After defining the loss function and preparing dataset, we can start training the model. calculate_loss_loader initializes the losses to 0. Given a specified number of batches, num_batches , we compute the loss for each batch using the calculate_loss_batch function. The batched data is provided iteratively with the DataLoader object to the calculate_loss_batch function, and the loss is accumulated for each iteration. For reproducibility, I use torch.manual_seed(1234) . In this experiment, I achieved a loss of 0.68.

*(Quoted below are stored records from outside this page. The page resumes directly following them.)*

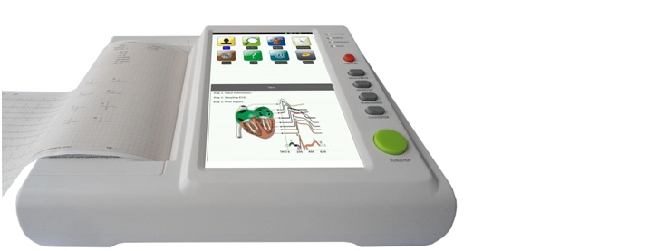 • 10.2寸大屏十二道心電圖機(jī) 十二導(dǎo)聯(lián)同步心電采集; 配備高速高靈敏度熱點(diǎn)記錄系統(tǒng),可描跡深淺調(diào)節(jié),兼容210,215和216mm寬的心電記錄紙; 10.2寸高清彩色液晶顯示屏,觸控操作,12導(dǎo)聯(lián)同屏顯示; 心電圖自動(dòng)診斷功能,具有心率超限報(bào)警功能,并自由設(shè)置是否打印測(cè)量分析報(bào)告; 全鍵盤(pán)中文輸入(拼音輸入法和五筆輸入法可選) 具有實(shí)時(shí)心電波形凍結(jié)功能,便于抓取病人重要心電波形; 手動(dòng)、自動(dòng)、節(jié)律、體檢等多種操作模式; 具有RS232通訊接口、USB接口和LAN網(wǎng)絡(luò)接口; 400例機(jī)身存儲(chǔ),可外插U盤(pán)存儲(chǔ),可外置大容量SD卡,可在電腦上實(shí)現(xiàn)歷史數(shù)據(jù)存儲(chǔ),回放和打印; 內(nèi)置大容量鋰離子可充電電池,可連續(xù)工作24小時(shí),打印1000份心電報(bào)告。
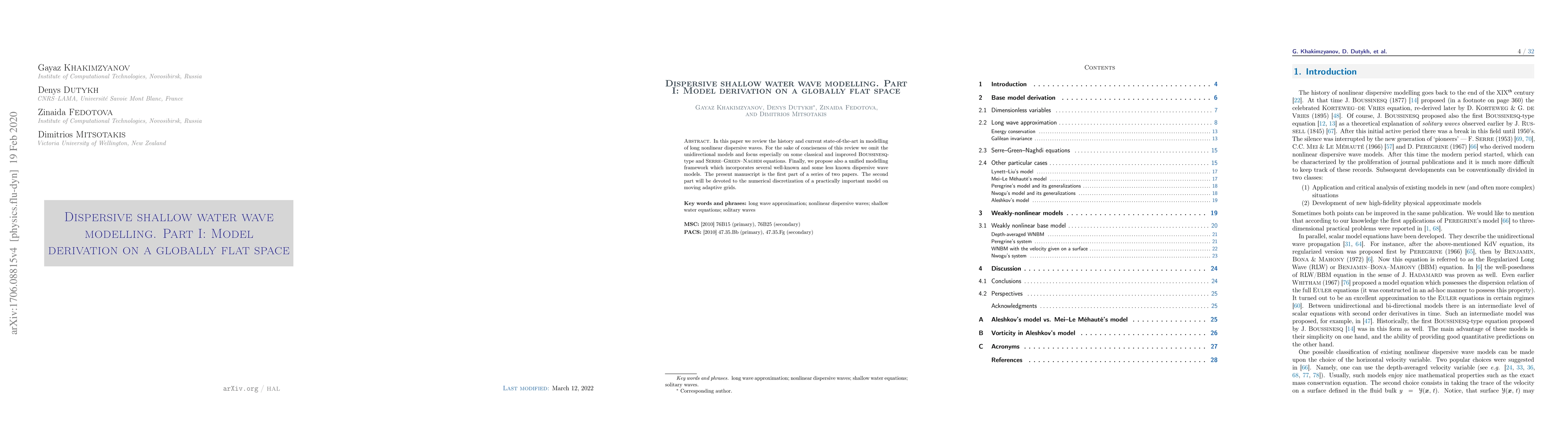 In this paper, we review the history and current state-of-the-art in the modelling of long nonlinear dispersive waves. For the sake of conciseness of this review, we omit the unidirectional models and focus especially on some classical and improved Boussinesq-type and Serre-Green-Naghdi equations. Finally, we propose also a unified modelling framework which incorporates several well-known and some less known dispersive wave models. The present manuscript is the first part of a series of two papers. The second part will be devoted to the numerical discretization of a practically important model on moving adaptive grids.
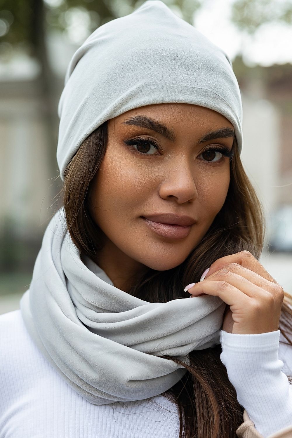 A unique set of cap and chimney available in a wide range of colors. Everyone will choose something for themselves. The set without patterns with a universal cut will fit into most autumn-winter outfits. Made of high quality soft and pleasant velour. Ideally suited for a gift for a loved one. This set is a guarantee of the highest quality at a very attractive price. The set of hat and snood designed and sewn in Poland.
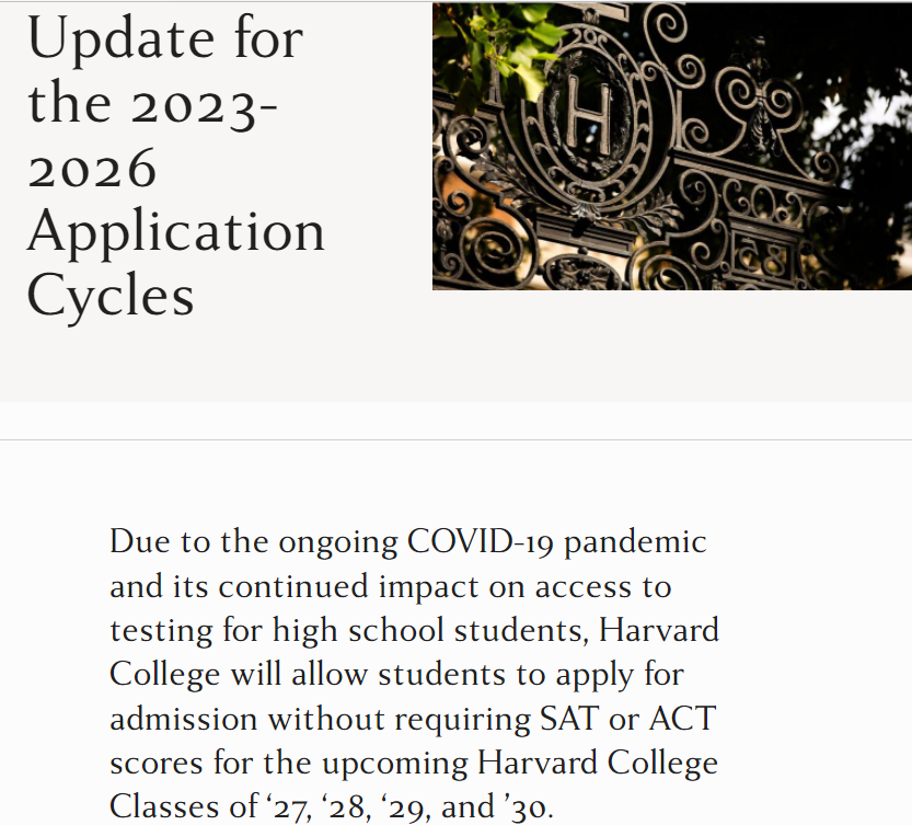 哈佛大学更厉害,未来4年都不需要提交标化成绩,估计下一步就会像加州大学那样宣布永久取消了。
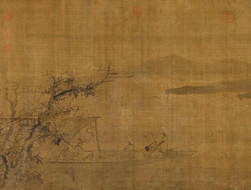 Hanging scroll, wash and ink on silk, spurious Qianlong seal H: 27 in.
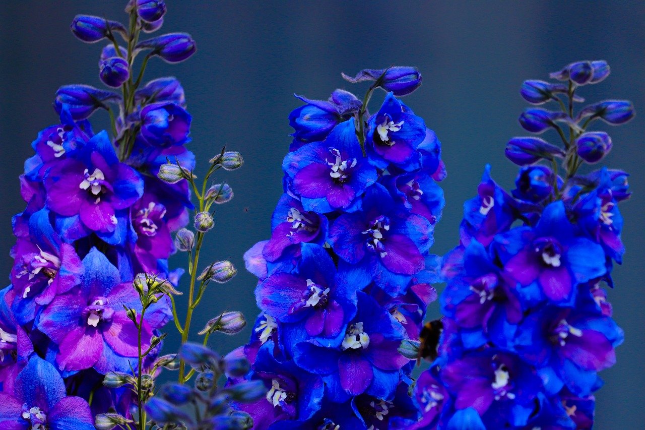 - 물 관리와 꽃대 유지 방법 : 델피니움은 물을 좋아하긴 하지만, 그렇다고 해서 자주 흠뻑 주면 오히려 뿌리가 약해질 수 있습니다. 가장 좋은 방법은 흙의 겉 부분이 살짝 말랐을 때 충분히 물을 주는 방법입니다. 특히 여름처럼 덥고 습한 계절에는 과습에 더 약하기 때문에 신경을 많이 써야 합니다. 이럴 때 뿌리 주변에 짚이나 우드칩 같은 멀칭 재료를 덮어두면 수분 증발도 막고, 뿌리의 온도도 일정하게 유지할 수 있어서 훨씬 도움이 됩니다. 그리고 델피니움의 매력 중 하나인 꽃대 관리도 잊으면 안 됩니다. 델피니움은 키가 1.5~2m까지 자라다 보니, 바람이 세게 불거나 비가 오면 쓰러질 수 있어서 튼튼한 지지대를 세워주고 줄기를 살짝 느슨하게 묶어주면 안정적으로 키울 수 있습니다. 또 꽃이 다 피고 난 꽃대는 바로 잘라내는 게 좋습니다. 그래야 새로운 꽃대가 나오고, 식물도 불필요한 에너지를 쓰지 않아 더 건강하게 자랍니다. 이렇게 정성껏 관리해 주면 여름 내내 델피니움의 화려한 자태를 오래 즐기실 수 있습니다.
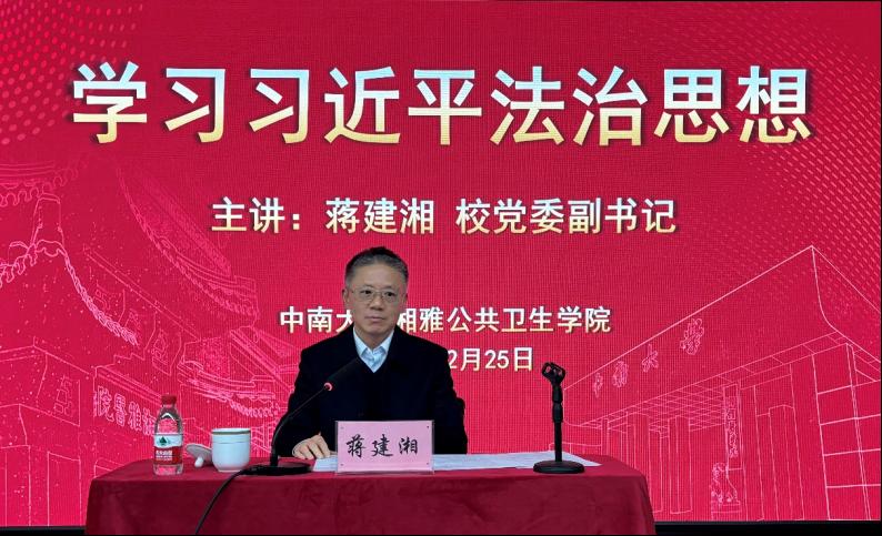 在学院六楼学术报告厅举行思政课学习暨党委理论学习中心组学习交流会,校党委副书记蒋建湘教授为学院师生讲授了主题为《学习习近平法治思想》的专题思政课。学院党委班子成员、职工第一党支部全体党员、学生党员代表以及计算机学院师生党员代表共计100余人参加了此次学习,今日看料
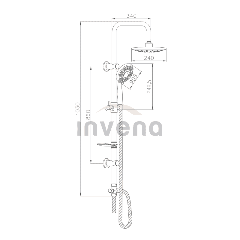 Dušas stienis Socho. Dušas stieņa augstums 103 cm. Regulējami montāžas kronšteini.
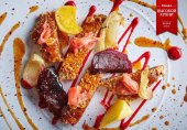 СТЕЙК С ГРАНАТОВО-ЛУКОВЫМ СОУСОМ И ТОПИНАМБУРОМ
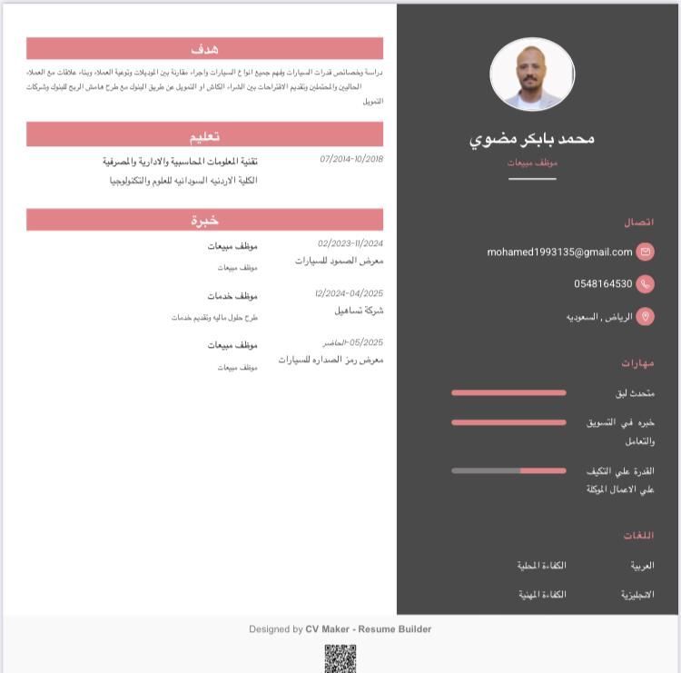 شاب سوداني ابحث عن فرصة عمل في مجال مبيعات السيارات بمدينة جدة. امتلك خبرة قوية ومثبتة بالأرقام في مبيعات السيارات ومعرفة واسعة بسوق السيارات السعودي الخبرات والانجازات خبرة تمتد لأكثر من 4 أعوام في معارض السيارات بمدينة الرياض & amp ndash القادسية. العمل في معرض الصم ود (مرسيدس) وتحقيق مبيعات 146 سيارة خلال عامين. العمل في معرض رمز الصدارة (سيارات تجارية) وتحقيق مبيعات 215 سيارة خلال عامين. ألما
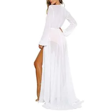 Show moreIntroducing the Sovoyontee Women's White Sexy Kimono Long Sleeve Swimsuit Swim Bathing Beach Cover Up Dress—the perfect blend of elegance and functionality for your beach outings and poolside lounging. This stunning floor-length swim maxi cover-up features long sleeves and a plunge front opening, allowing for easy wear and a charming silhouette. Its delicate tie waist sash adds a flattering touch that enhances your curves, ensuring you feel confident and chic.
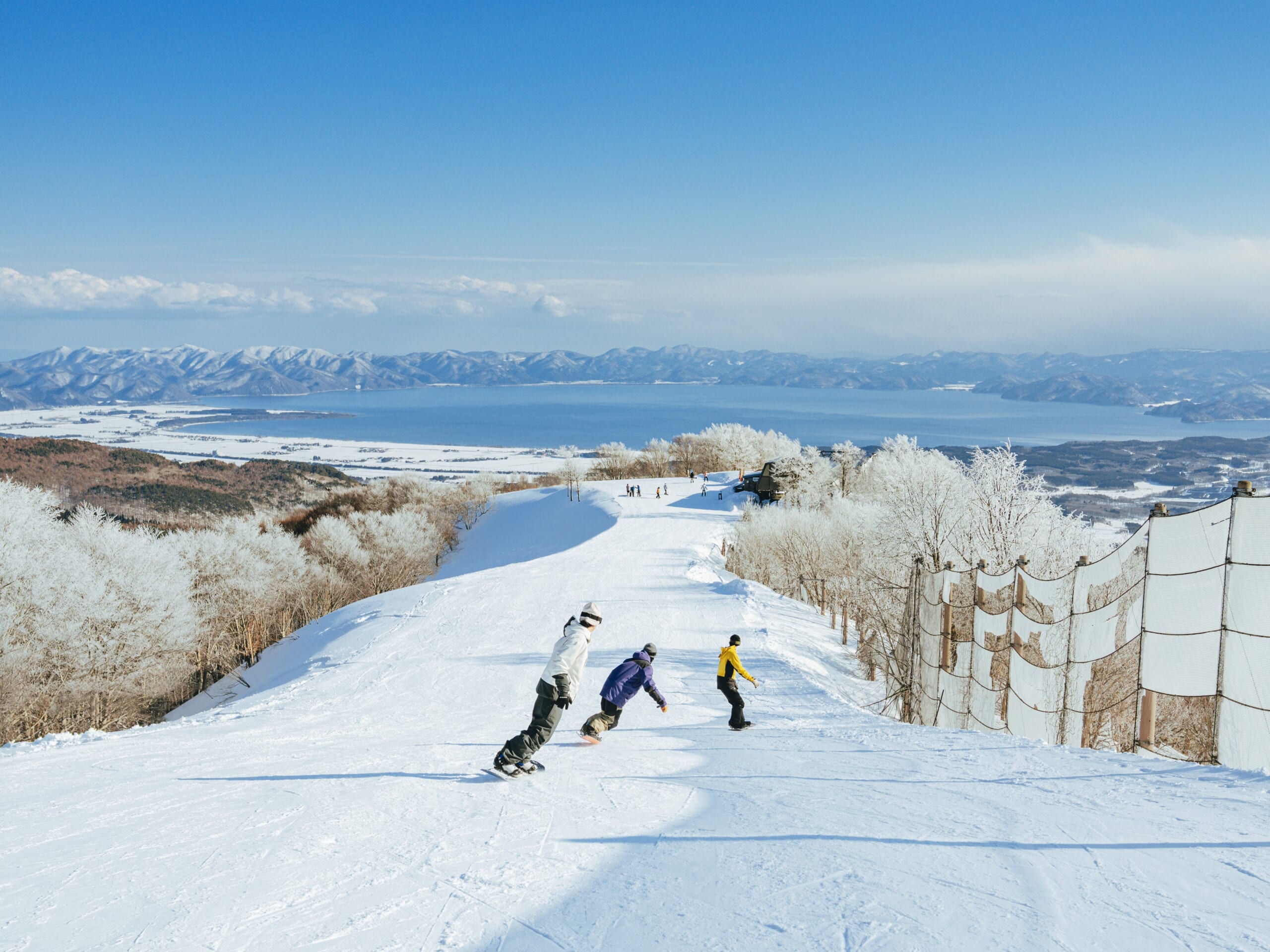 約5か月間のロングシーズン営業を予定しているネコマ マウンテンでは、11月末の晩秋からGWまで、移りゆく季節とともに雪質や景色の変化を楽しむことができます。磐梯山、猪苗代湖、霧氷などの絶景を望みながら、初級者も上級者も、自分のレベルに合ったコースを満喫できるのが魅力です。
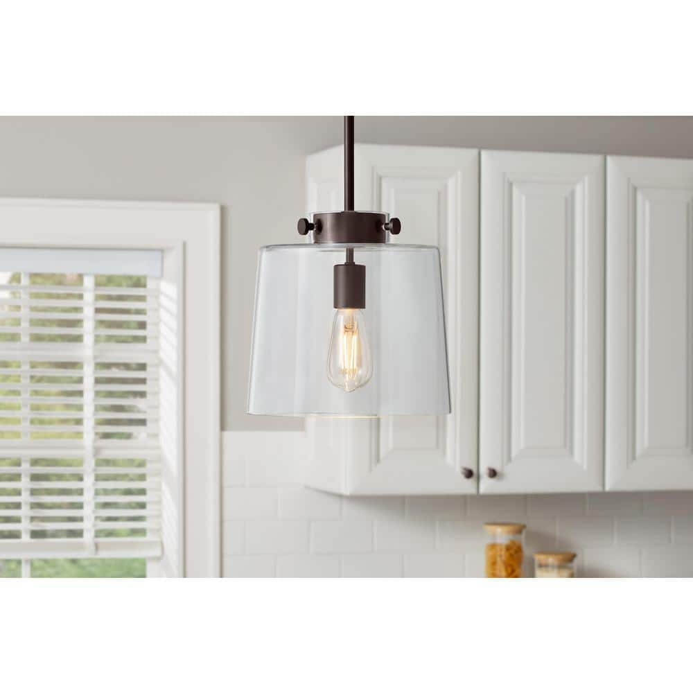 Enrich your interior design with the classic lighting of this one-light pendant. An ideal choice over kitchen islands or in dining areas this pendant light offers transitional style that will suit any home decor. Its clear glass shade casts a beautiful glow. Steel construction offers longevity of this mini pendant light. It accepts one 40-Watt medium-base bulb which is not included. This ceiling light offers a maximum hanging height of 61 in. Steel construction built for durability and style Uses one 40-Watt medium base bulbs (not included) Ceilings mount applications for dining room and kitchen lighting Clear glass shade creates a beautiful glow when illuminated Includes assembly and installation parts Ideal for contemporary or transitional decor styles ETL Listed for indoor use

def calculate_loss_loader(data_loader, model, num_batches=None):
    losses = 0.
    if len(data_loader) == 0:
        return "Please provide dataset, data loader is empty."
    elif num_batches is None:
        num_batches = len(data_loader)
    else:
        num_batches = min(num_batches, len(data_loader))
    for index, batch in enumerate(data_loader):
        if index < num_batches:
            loss = calculate_loss_batch(
              batch["input_ids"], batch["labels"], model
            )
            losses += loss.item()
        else:
            break
    return total_loss / num_batches


torch.manual_seed(1234) # For reproducibility
with torch.no_grad():
    train_loss = calculate_loss_loader(dataloader, model, num_batches=2)

Trade-offs

It is thrilling that we can repurpose transformers from next token prediction to classification prediction by reasoning through first principles. On the plus side, the pre-trained transformer model captures rich representations of language patterns. However, though lightweight, the model still has 3.8 billion parameters. Readers should be aware of the trade-offs between accuracy and training and inferencing throughput (i.e. generated tokens per second). I suggest starting with a smaller model as a baseline. For example, you can use the distilbert-base-uncased model, which has 67 million parameters. Alternatively, you can try other more traditional machine learning models, such as XGBoost.

Conclusion

In this blog post, I demonstrate how, using first principles, we can transform the problem of next-token prediction into classification label prediction. I hope this demo equips you with the knowledge to unpack the complex architecture of LLMs and apply the same concept to your domain-specific problems. It’s import to note that transformers may not be the optimized solution for every classification task, and you should train and evaluate your data against other smaller models as well. Thanks for reading, and happy learning!